Snow is made of water and air.  For certain applications, we need to know how much water there is in the snow, but this can vary from 10% to 60% of the total snow depth, and it is difficult to estimate. However, the depth of snow is very easy to measure with a ruler or measuring pole. Over decades, snow depth has been measured daily at thousands of locations in the world, and these long term historical observations are becoming available through the publication of regional datasets. In short, I have gathered as many of these snow depth observations as possible over the Northern Hemisphere, and I have used a model to estimate the amount of water in the snowpack, the snow water equivalent (SWE), for all those observations. I have made the resulting dataset available as open access https://zenodo.org/record/7565252 , and published a data paper that describes all the data and methods used (Fontrodona-Bach et al., 2023) https://essd.copernicus.org/articles/15/2577/2023/.

The figure shows all the stations available in the dataset. Each point contains a time series of daily snow water equivalent, with varying lengths between 1 and 73 years spanning the period 1950-2022. On the left we see the average peak snow water equivalent, and on the right the average snow cover duration at each of the stations.
Figure 1. Extracted from Fontrodona-Bach et al. (2023). The figure shows all the stations available in the dataset. Each point contains a time series of daily snow water equivalent, with varying lengths between 1 and 73 years spanning the period 1950-2022. On the left we see the average peak snow water equivalent, and on the right the average snow cover duration at each of the stations.

As you can imagine, this is a lot of data to gather and to work with, and BlueBEAR has certainly made this work possible. Many large datasets are made available to the public through Application Programming Interfaces (API), which allow the user to download data on demand and interactively by using code. I managed to download data quickly and efficiently by submitting job scripts with the API code to BlueBEAR and storing the downloaded data in the BEAR Research Data Store (RDS), without worrying about storage capacity.

In the next step, I used the MATLAB GUI from the BEAR Portal. I developed a gap-filling method for the snow depth data based on machine learning models called Artificial Neural Networks. These models need to be trained and require some computation time.
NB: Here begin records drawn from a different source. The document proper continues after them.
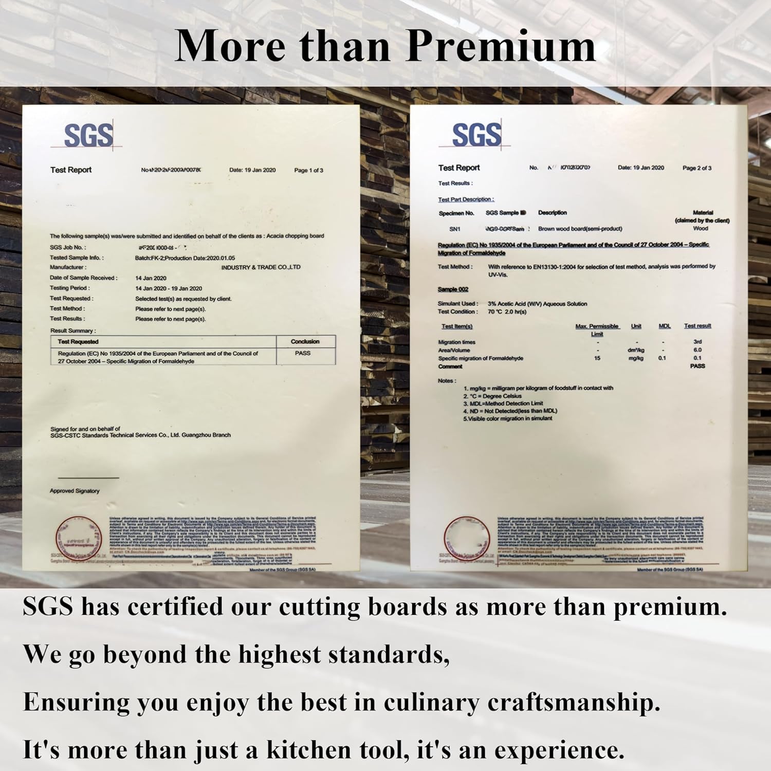 【Premium Acacia Wood】: Expertly hewn from solid Acacia wood, prized for its exceptional stability and resilience. This cutting board is designed to withstand the rigors of everyday use without leaving unsightly scars, ensuring a durable and safe platform for your culinary endeavors. Its natural texture provides excellent friction, preventing slipping and sliding during food preparation.
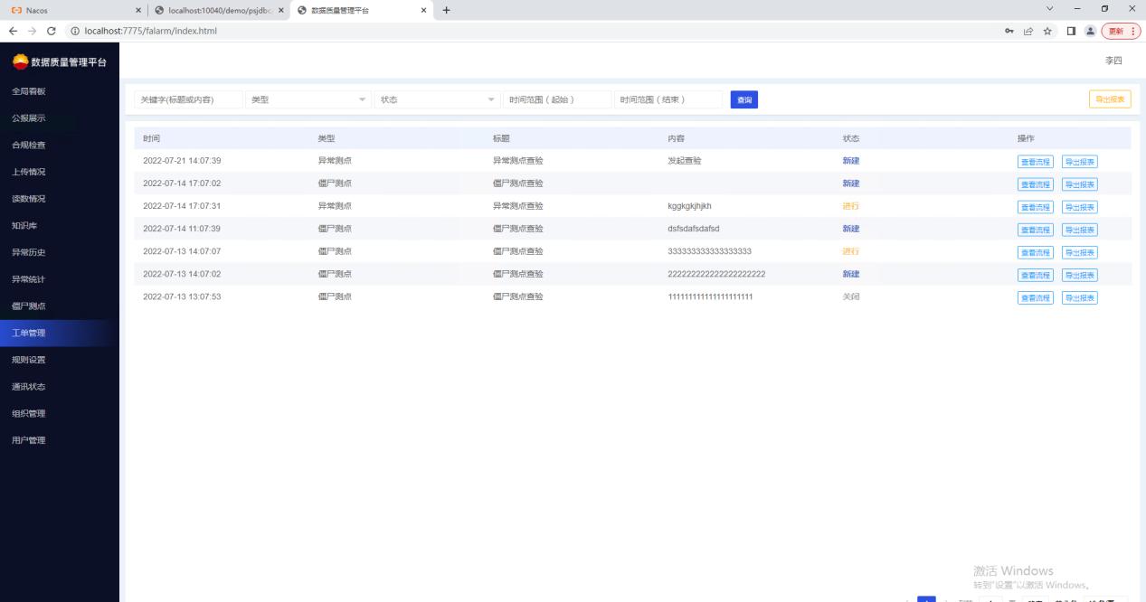 僵尸測點的來源通過定下的規則,判斷為僵尸測點后,顯示在“僵尸測點”的界面中,界面展示了該測點的點名、描述、首次檢測時間、檢測次數和當前狀態。可通過左上角查詢條件查詢出一個時間段的僵尸測點。
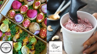 【お食事】植物性食材の彩り豪華なヴィーガン料理、PLANTALLヴィーガンアイスをご用意します。
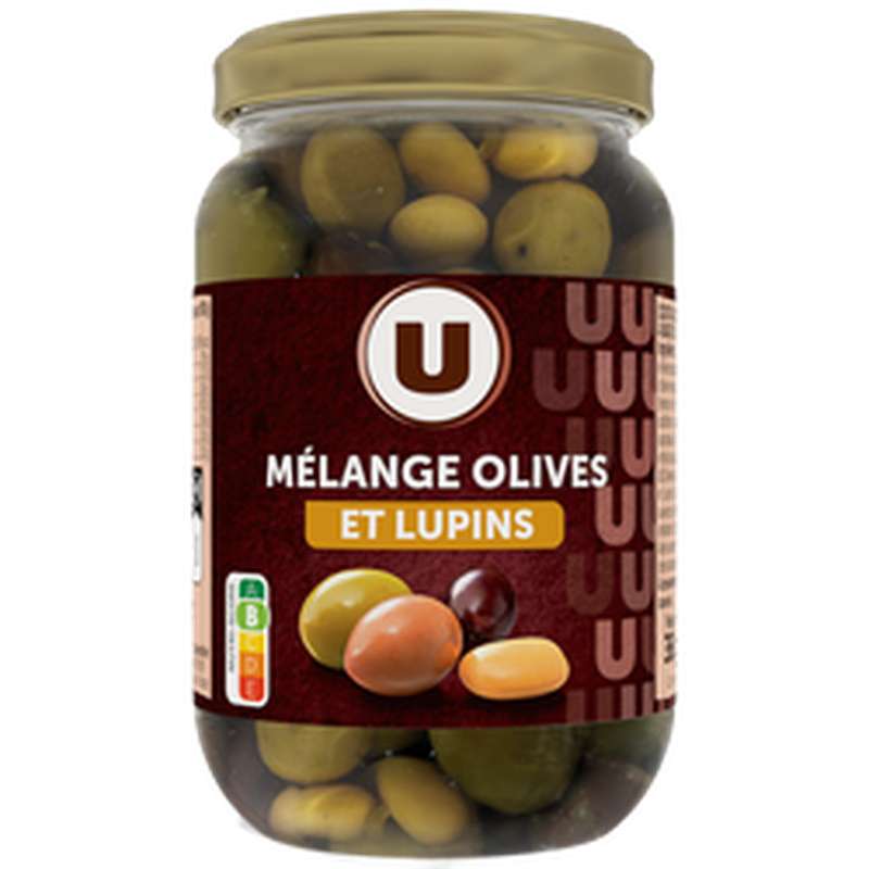 lupins, Traces éventuelles de poisson, sulfites et fruits à coque. Origines : Olives Espagne, Grèce, Maroc. Lupins Espagne.
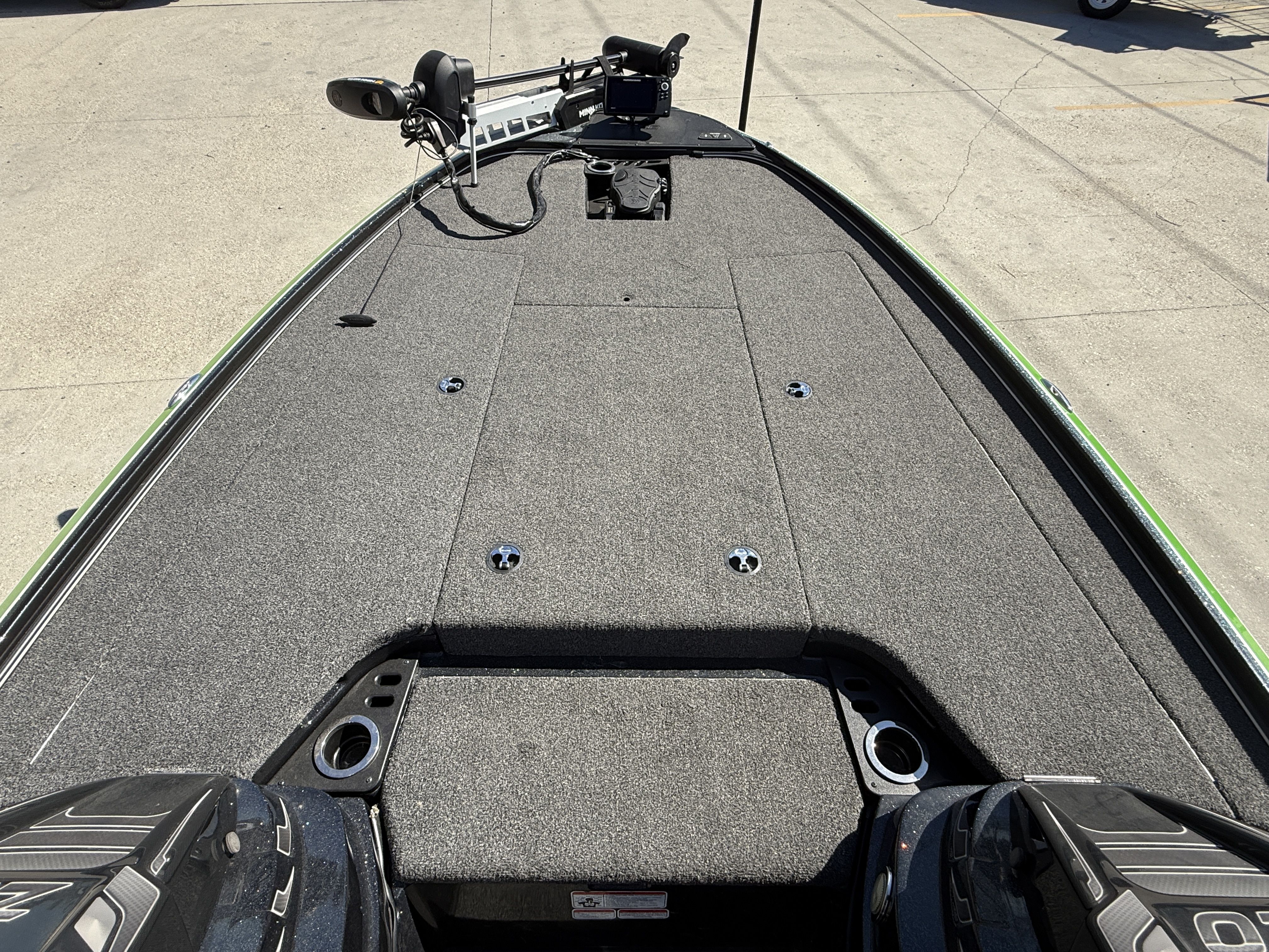 - 42.5-sq.-ft. (4.0-sq.-m) anti-fatigue, padded bow deck w/port & starboard rod lockers w/lift assists for rods up to 8’ (2.44 m) & center storage locker w/Tackle Management System

I had run the model several times to test the performance of the gap-filling method. Let’s say the average training and test time takes 10 seconds, but you need to do it 100 times to test the performance, and for a 10,000 time series. That would take 115 days! By parallelising the code, and using 40 cores in a MATLAB session in the BlueBEAR portal, I left the code running on the MATLAB GUI on Friday evening, and it was done on Monday morning.
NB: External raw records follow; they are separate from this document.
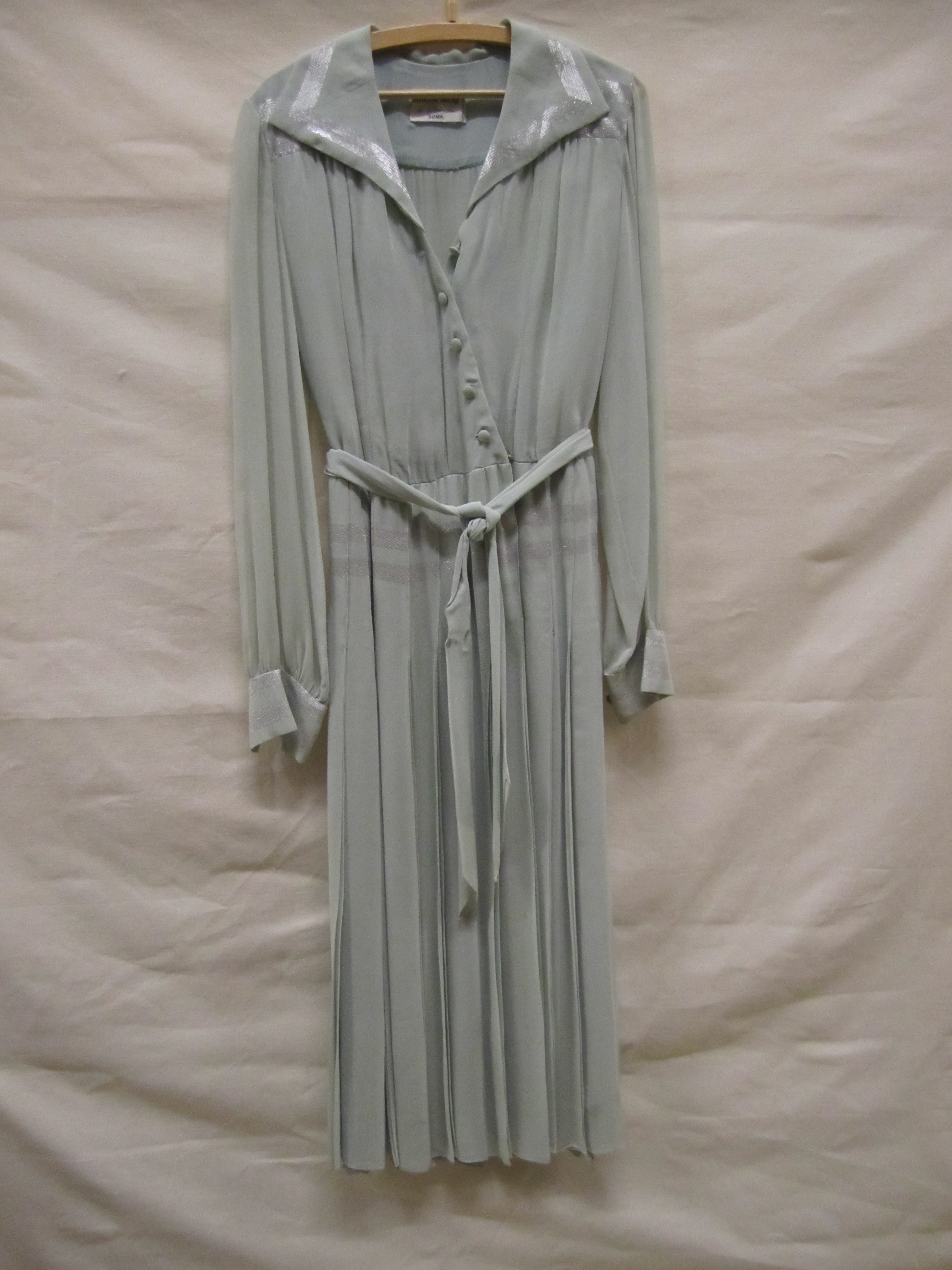 Jurk van licht mintgroene crêpezijde ingeweven met z...
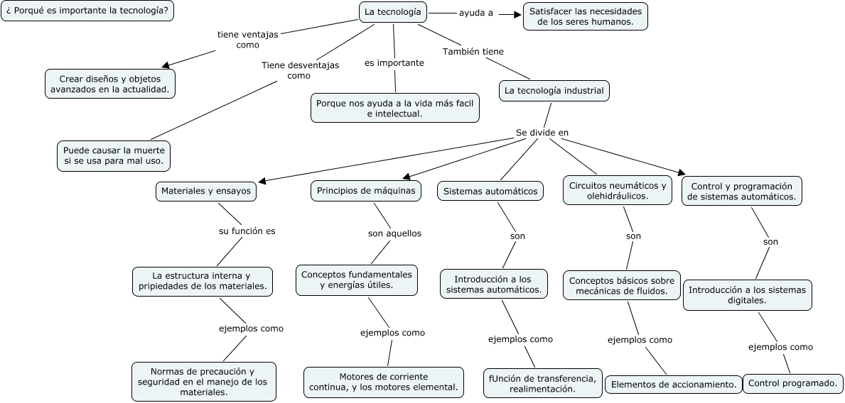 Este Cmap, tiene información relacionada con: la tecnología 7b, Conceptos fundamentales y energías útiles. ejemplos como Motores de corriente continua, y los motores elemental., Control y programación de sistemas automáticos. son Introducción a los sistemas digitales., Conceptos básicos sobre mecánicas de fluidos. ejemplos como Elementos de accionamiento., Sistemas automáticos son Introducción a los sistemas automáticos., La tecnología industrial Se divide en Circuitos neumáticos y olehidráulicos., Circuitos neumáticos y olehidráulicos. son Conceptos básicos sobre mecánicas de fluidos., Principios de máquinas son aquellos Conceptos fundamentales y energías útiles., Introducción a los sistemas digitales. ejemplos como Control programado., La tecnología es importante Porque nos ayuda a la vida más facil e intelectual., La tecnología Tiene desventajas como Puede causar la muerte si se usa para mal uso., Materiales y ensayos su función es La estructura interna y pripiedades de los materiales., La estructura interna y pripiedades de los materiales. ejemplos como Normas de precaución y seguridad en el manejo de los materiales., La tecnología tiene ventajas como Crear diseños y objetos avanzados en la actualidad., La tecnología industrial Se divide en Control y programación de sistemas automáticos., Introducción a los sistemas automáticos. ejemplos como fUnción de transferencia, realimentación., La tecnología industrial Se divide en Principios de máquinas, La tecnología industrial Se divide en Materiales y ensayos, La tecnología ayuda a Satisfacer las necesidades de los seres humanos., La tecnología industrial Se divide en Sistemas automáticos, La tecnología También tiene La tecnología industrial
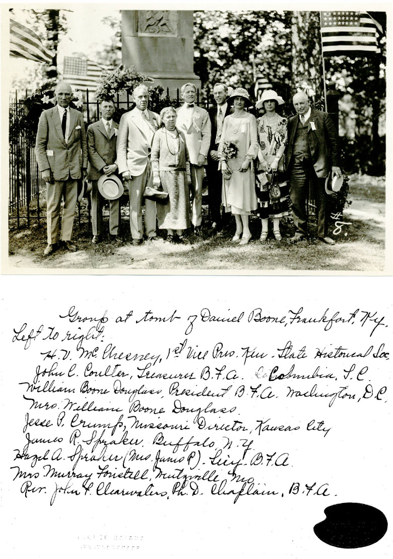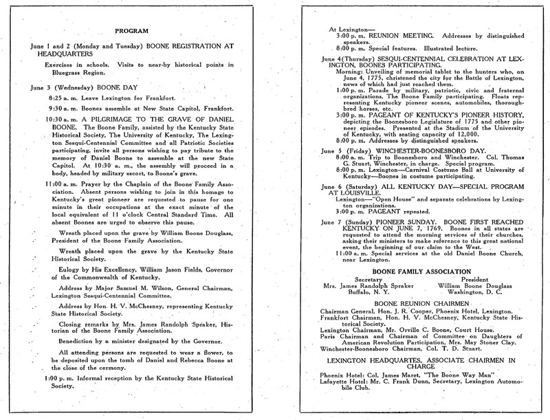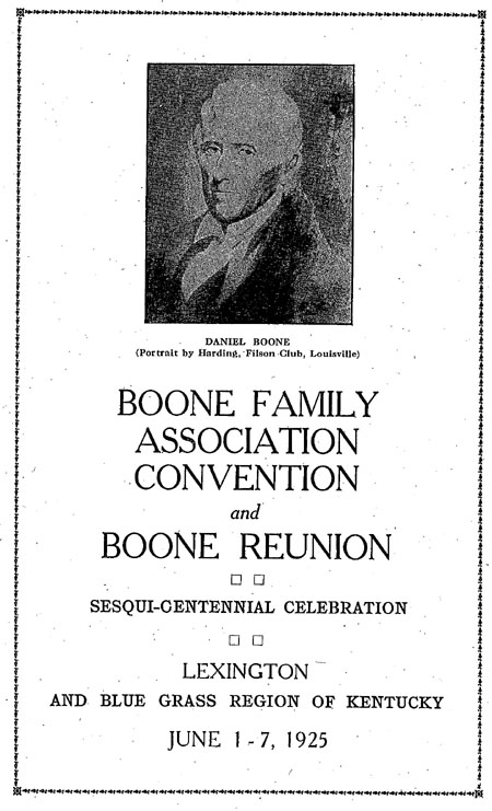 The Boone Family Association held its first reunion in Kentucky on June 1-7, 1925. It was their plan to hold reunions every five years. This first one was intended to honor Daniel Boone and to commemorate the events of his life and his contributions to Kentucky. There were events and programs in Lexington, Frankfort, Boonesboro, Winchester, and Louisville.

By sending array jobs to the BlueBEAR cluster through PuTTy, this was done in (merely) a couple of hours

But this is not the end of the story. I still needed to calibrate and run the model that estimates the water equivalent of snow from the snow depth observations. This model was originally coded in R, so I used the Rstudio GUI from the BEAR portal. For calibration, I used a 800 time series that had observations of both snow depth and water equivalent, and I prepared a 100 model parameter sets. Again, a one model run for one year takes about 1 second of computation time, multiply it by 25 years on average, 100 runs for the parameter sets, and a 800 time series and it would take 23 days! By sending array jobs to the BlueBEAR cluster through PuTTy, this was done in merely a couple of hours. For the final data processing and making plots, my laptop struggled to load the entire dataset in the workspace, but this was absolutely no problem for the BEAR portal applications.
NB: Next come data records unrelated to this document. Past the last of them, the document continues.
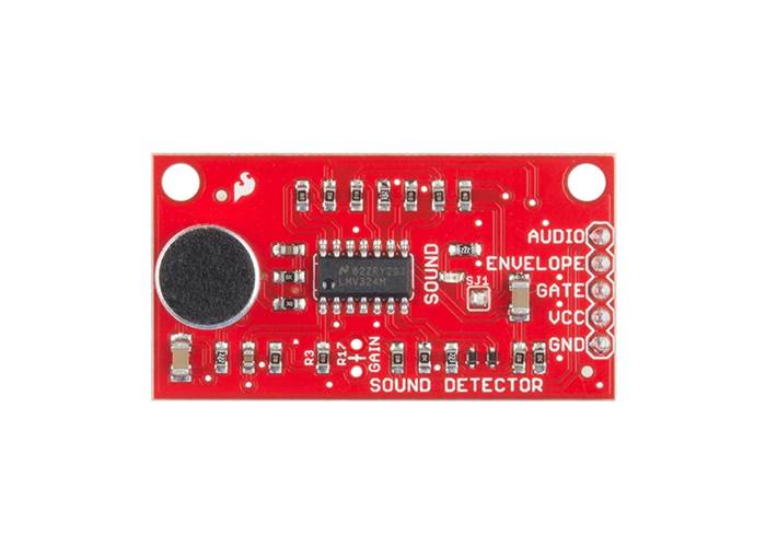 The SparkFun Sound Detector is a small and very easy-to-use audio sensing board with three different outputs. The Sound Detector not only provides an audio output, but also a binary indication of the presence of sound and an analogue representation of its amplitude. The three outputs are simultaneous and independent, so you can use as many or as few as you want at once.
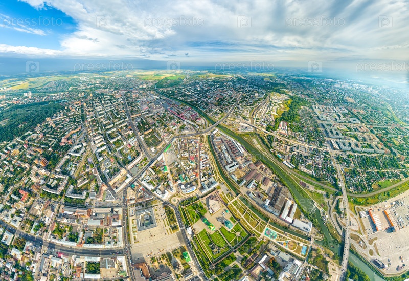 Тула, Россия. Исторический центр с Кремлем. Панорама города. Лето. С высоты птичьего полета
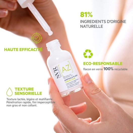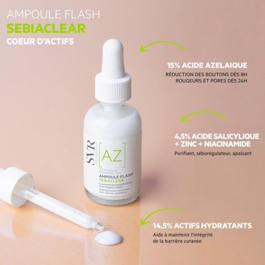 SVR Sebiaclear Ampoule Flash è un concentrato bifasico innovativo studiato per offrire un'azione "urto" contro imperfezioni e infiammazioni. Grazie a un'altissima concentrazione di acido azelaico, questo siero calma la pelle istantaneamente e riduce visibilmente le imperfezioni in sole 8 ore, rendendo l'incarnato più liscio e omogeneo.
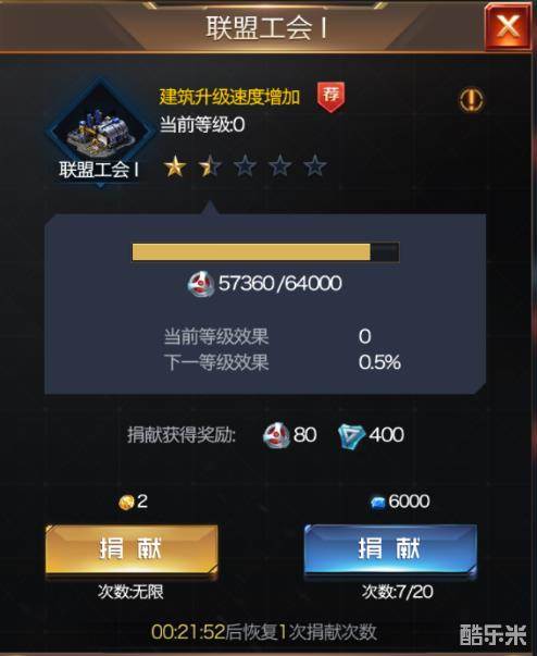 科技捐献会消耗一定的资源,入盟每半个小时可以获得一次捐献次数,最多可以累积20次,捐献次数用光后,如果还想继续为联盟做贡献,就只能选择金币捐献或者用金币刷新捐献次数。

We were so pleased to hear of how Adrià is able to make use of what is on offer from Advanced Research Computing, particularly to hear of how he has made use of the BlueBEAR HPC and the BEAR portal – if you have any examples of how it has helped your research then do get in contact with us at bearinfo@contacts.bham.ac.uk. We are always looking for good examples of use of High Performance Computing to nominate for HPC Wire Awards – see our recent winners for more details.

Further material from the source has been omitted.